The Korean National Police Agency (KNPA) has warned that North Korean hackers have hacked into the network of one of the country’s largest hospitals, Seoul National University Hospital (SNUH), to steal sensitive medical information. and personal details.

The incident happened between May and June 2021, and police have conducted an analytical investigation over the past two years to identify the perpetrators.

According to the law enforcement press release, the attack was attributed to North Korean hackers based on the following information:

• the intrusion techniques observed in the attacks,
• IP addresses that have been independently linked to North Korean threat actors,
• website registration details,
• the use of a specific language and North Korean vocabulary

Local media in South Korea linked the attack to the Kimsuky hacking group, but the police report does not explicitly mention the particular threat group.

The attackers used seven servers in South Korea and other countries to launch the attack on the hospital’s internal network.

Police said the incident resulted in the data exposure of 831,000 people, most of whom were patients. Additionally, 17,000 of those affected are current and former hospital employees.

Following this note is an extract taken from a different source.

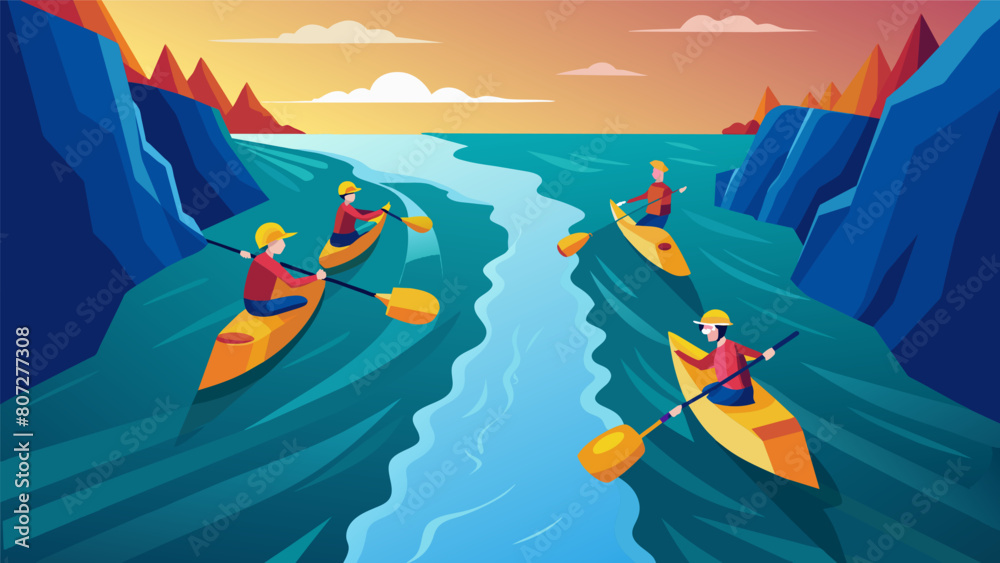 A team of canoeists working together to navigate a particularly narrow and rocky section of the slalom course.. Vector illustration #807277308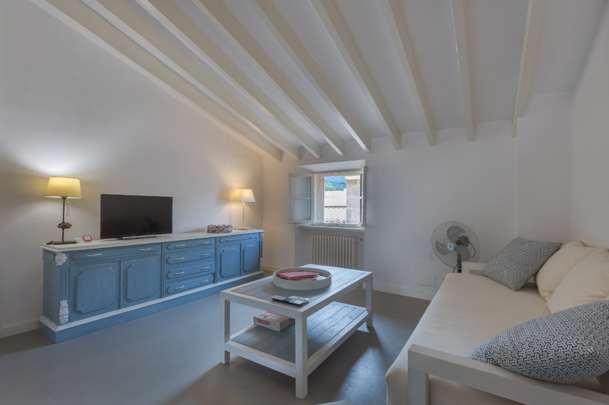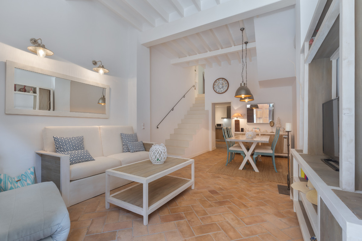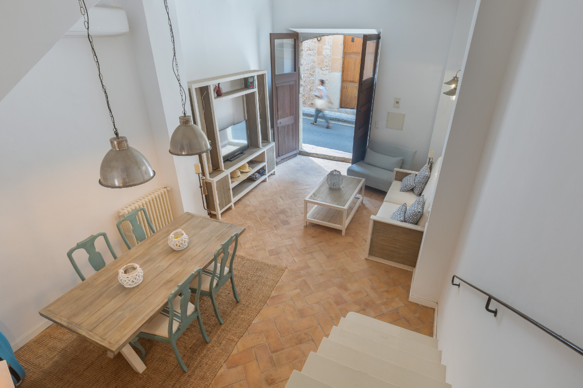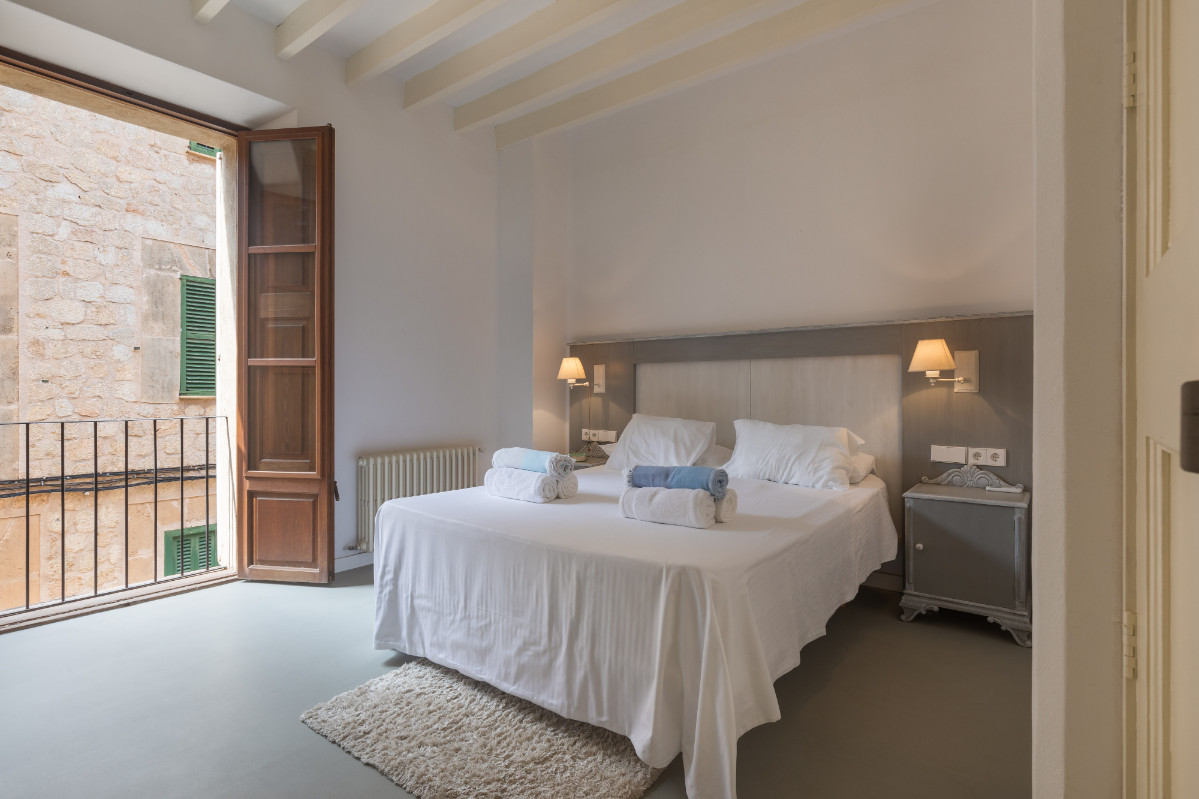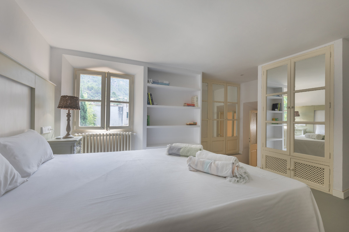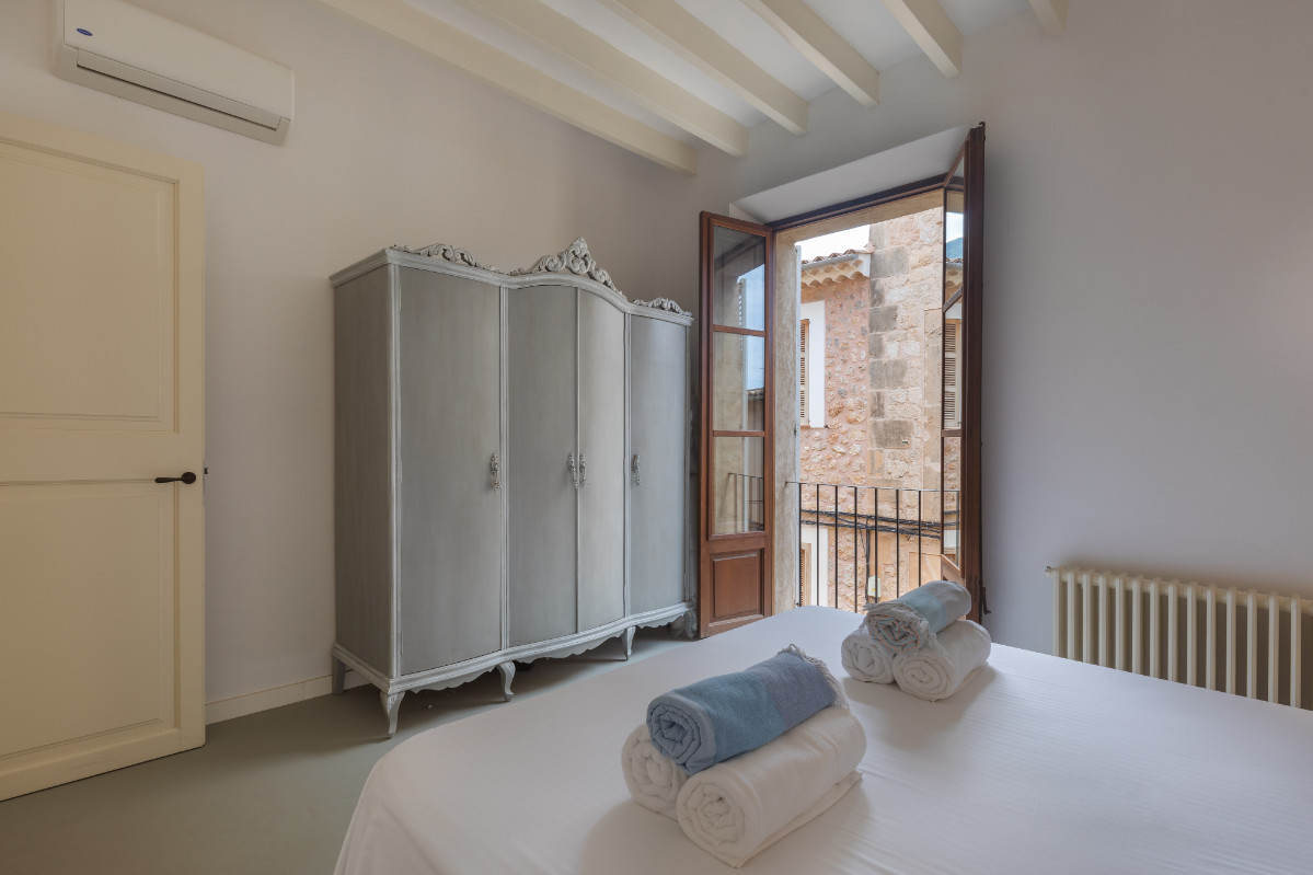 This bright and central townhouse was totally renovated a few years ago. Located in a quiet street at only a few meters away from the main square of Sóller, the house offers two double bedrooms and a studio room with a kitchenette and access to a terrace with spectacular views to the mountains. The house is very well equipped, with a central heating plus A/C warm cold in all rooms. On ground floor it has one of the two living rooms and the kitchen, as well as a guest toilet off the tiny court yard. On the upper floors it has the two bedrooms and one full bathroom totally new. On the top floor the studio room is really spacious and could easily be used as a third bedroom. From this level one can access to the terrace. Good opportunity to purchase a traditional townhouse totally renovated.

The KNPA press release warned that North Korean hackers may try to infiltrate information and communication networks in various industries. He highlighted the need for enhanced security measures and procedures, such as implementing security patches, managing system access and encrypting sensitive data.

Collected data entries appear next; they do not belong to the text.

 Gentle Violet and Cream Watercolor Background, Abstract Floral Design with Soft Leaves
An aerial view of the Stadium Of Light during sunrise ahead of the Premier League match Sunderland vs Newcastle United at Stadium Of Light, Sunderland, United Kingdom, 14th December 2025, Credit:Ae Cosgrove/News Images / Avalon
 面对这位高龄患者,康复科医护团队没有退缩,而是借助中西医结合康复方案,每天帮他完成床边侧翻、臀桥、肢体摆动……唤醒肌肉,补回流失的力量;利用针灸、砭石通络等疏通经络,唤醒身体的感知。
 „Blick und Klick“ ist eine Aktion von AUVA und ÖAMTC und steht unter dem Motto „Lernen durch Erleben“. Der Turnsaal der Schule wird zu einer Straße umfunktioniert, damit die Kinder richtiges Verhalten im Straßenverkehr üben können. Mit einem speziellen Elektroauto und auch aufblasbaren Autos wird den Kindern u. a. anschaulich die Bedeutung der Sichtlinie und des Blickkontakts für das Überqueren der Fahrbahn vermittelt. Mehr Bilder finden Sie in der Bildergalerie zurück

“We plan to actively respond to organized cyberattacks supported by national governments by mobilizing all of our security capabilities and firmly safeguard South Korea’s cybersecurity by preventing further harm through information sharing and collaboration with relevant agencies. concerned”, warned the KNPA.

Maui and Andariel

North Korean hackers have previously been linked to hospital network intrusions aimed at stealing sensitive data and extorting ransom from healthcare organizations.

Specifically, the US government highlighted the Maui ransomware threat as such, warning the health sector they need to strengthen their defenses against the North Korean operation.

Shortly after this warning, Kaspersky security researchers related the Maui ransomware operation to a specific activity group named “Andariel” (aka “Stonefly”), considered a subgroup of Lazarus.

Lazarus is known to target South Korean entities with ransomware since April 2021.